Jen Hogan’s ode to her beloved dog Rodney, who sadly passed away, is a reminder of how pets become real members of our families
Seventeen years ago, a colleague told me that her dog had given birth to pups.
“I don’t suppose you want one?” she asked, explaining that the pups were a cross between their red setter mother and the border collie from next door. Bella. the pups’ mum. was a gentle soul she explained.
I was pregnant with my first child and I’m not sure if it was the idyllic family scene that I pictured in my head or an abundance of hormones playing havoc with my sense of reason that fuelled my desire for a puppy, but I called my husband to convince him of our desperate need for a dog. It took all of five seconds to persuade him.
And so, once we had agreed, all that was left was to wait until our pup was old enough to be separated from his mother.
My colleague said she had identified the ideal one for us “He’s the runt of the litter”, she said “but I think he’ll be perfect for you”.
While we waited we discussed names.
As “Only Fools and Horses” fanatics, Del Boy seemed the obvious choice.
“I’m not walking around the park shouting Derek, after a dog”, my husband declared - so we settled on Rodney instead.
A few weeks later we excitedly made our way to the farm to collect our pup. We were under no obligation to choose the “runt” but found ourselves drawn to this particular pup with two different coloured eyes who made his way over to us.
There was just something about him, something impossible to describe, but we knew he was the one.
We wrapped him in a towel and turned to say goodbye to Bella, who watched us sorrowfully, almost.
I rubbed my pregnant belly guiltily and made a silent promise to his lovely mum that we would look after him always, and love him forever.
Our ball of fur snuggled up on my husband’s lap for the drive home and moments later threw up on him. I’m not sure if it was the car journey or the trauma of separation that caused it.

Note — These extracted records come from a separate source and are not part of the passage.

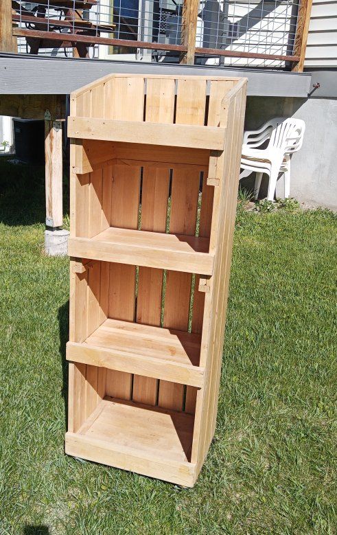 VenmoRolling Wooden Display Shelves Wheeled podium had 4 shelves to display products for sale. Ideal for small businesses, boutiques or craft fairs. Optional panel covers bottom shelf if desired.
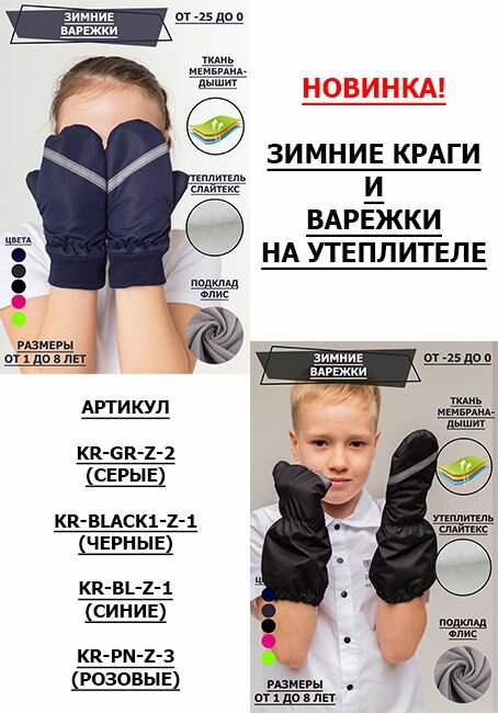 Варежки ZL для взрослых и детей, размер 3-5 лет, черный
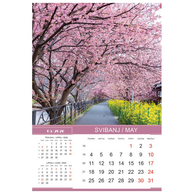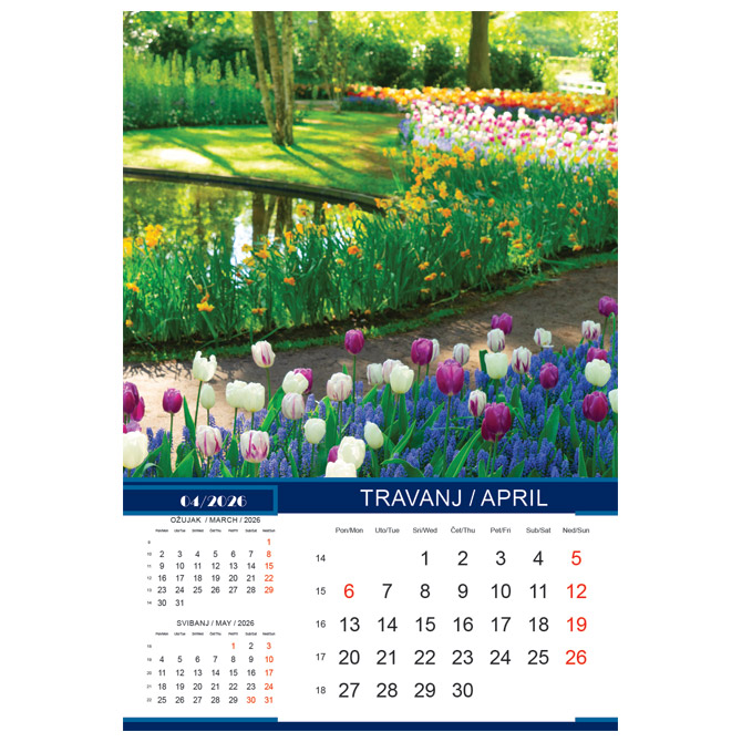 13 listova; dimenzija: 33×48 cm; pasica za dotisak 6 cm; spirala
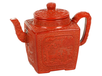 珍藏於故宫博物院的乾隆款紫砂漆雕壺,由鴻運齋採用景德鎮瓷雕工藝予以仿製。經博物院專家鑒定,此壺雖材質不同於紫砂,但瓷器鏤雕工藝已達到漆雕工藝質感,由故宫博物院監製,並限量製作。
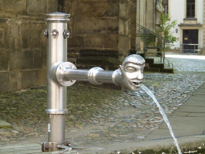 Keywords: pirna germany fountain water spigot pavement urban unique silver metallic close-up face man
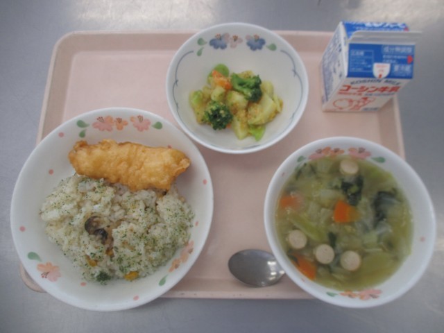 【菊花ごはん・ますのもみじ焼き・小松菜のごま和え・豆腐ともずくのかきたま汁・菊花...
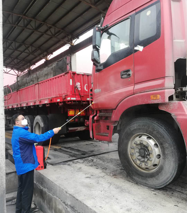 業(yè)務(wù)員彭昆監(jiān)督工作人員對進(jìn)礦煤車消毒

Rodney always seemed to be attuned to life and his surroundings. Maybe rather than a skill learned, it was something he was born with.

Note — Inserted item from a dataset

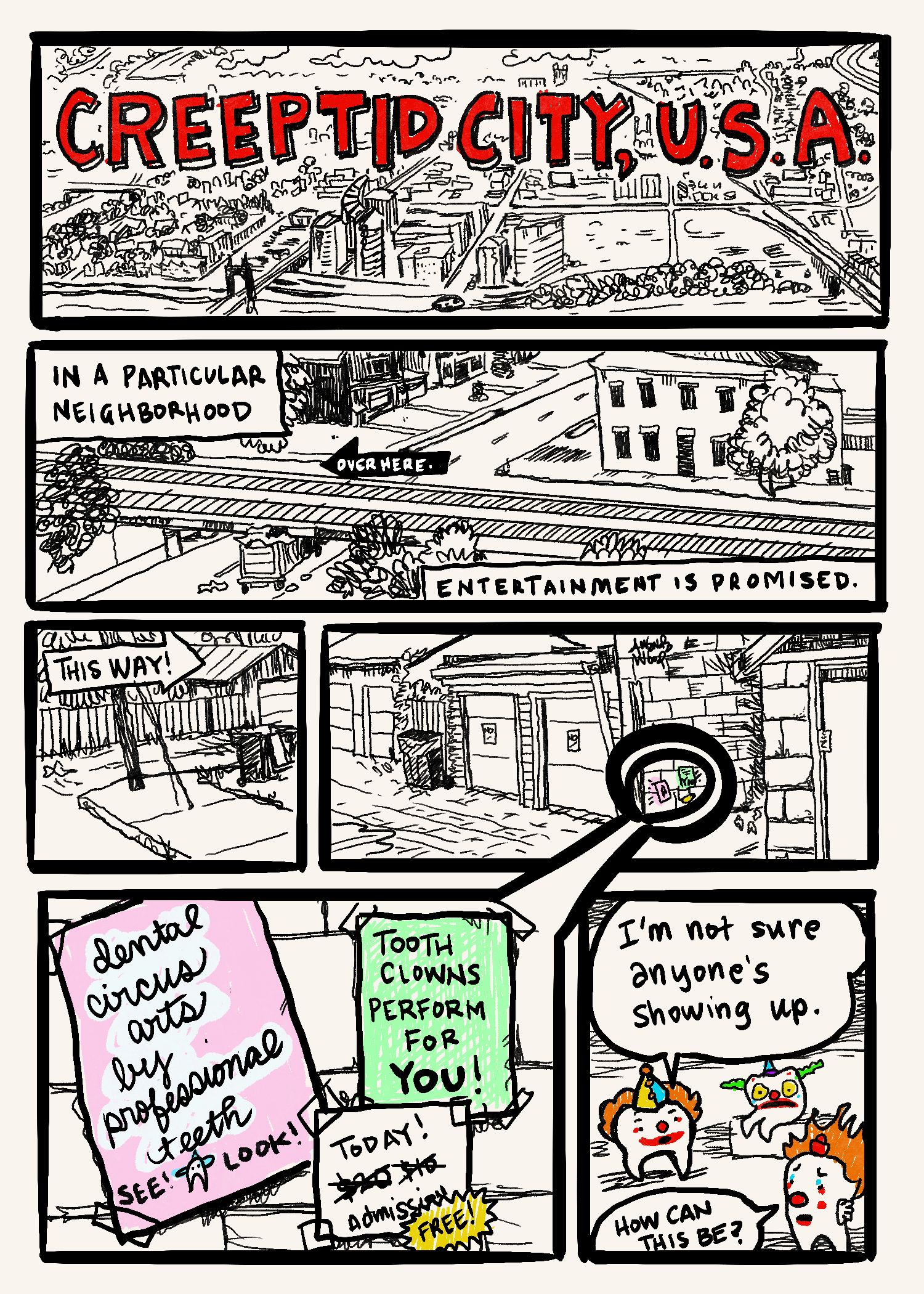 I only got to make two comics along this theme (and six in total) before I found creeptid dot com to be no longer up and I had to ask what happened to it. But what will the story of the Teeths Clown be? Where will they go? Can they survive as a troupe of very talented entertainers? What of this Hans Strongtooth and what of the World’s Fattest Tooth??

While we awaited the birth of our first child, Rodney was our practice baby.
We were conscious to ensure he never spent much time alone even engaging the services of my sister to dog-sit so that I could attend my antenatal classes, guilt free.
I viewed the neighbourhood cats suspiciously as they prowled along the back garden walls.
Precious first-born syndrome seemed to kick in with my puppy dog and Mama Bear was ready to protect him from ferocious felines and treacherous magpies, who loitered sometimes.
And like most first-borns his every move and pose was photographed.
We ooohed and aaahed over how small he was and how big and destructive he became.
His energy was inexhaustible – always excited and always bloody digging – but forever gentle.
He was indeed his mother’s son. When my daughter was born, Rodney, though still adored, accepted his move further down the pecking order.
He had a new playmate in her, one who was just as energetic and who delighted in his destructive tendencies.
As she splashed in her paddling pool on summer days, he kept guard by the side. His love of water was confined to the sea and mucky puddles that caused maximum damage to the car seats on the way home!
He loved company, which was just as well as more and more children came to join the party. He was a horse, bad guy, good guy, unicorn, sun-lounger, reindeer and a willing scoffer of food the kids didn’t want to eat.
He sniffed tiny toes on greeting each new addition to the family and was a gentle and willing entertainer as they grew.
And on those sadder occasions, when pregnancies didn’t go as they should, he sat quietly by our side and licked the tears that fell for lost babies.
We grew up together, as a family. He had a special dinner on his birthday, which was marked on the calendar just like all the rest. His sock hung on the mantelpiece alongside my children’s every Christmas Eve.
He knocked unsuspecting visitors over with welcomes and chewed everything that was dropped in our garden.
He drove me crazy, robbing washing from the basket as I tried to hang it on the line and he took us for a walk rather than the other way around – until lately.
Recently he got old. Others noticed his greying temples and his distinguished, mature look more than we, as the passing of time seemed so suddenly to creep up on him, and us.
And the washing basket dramas were because he couldn’t see it and so fell into it and the walks became less about us managing to tire him out and more about his managing to stand up.
And that lovely face looked so tired and those beautiful different coloured eyes, couldn’t see so well but still looked at us so trustingly.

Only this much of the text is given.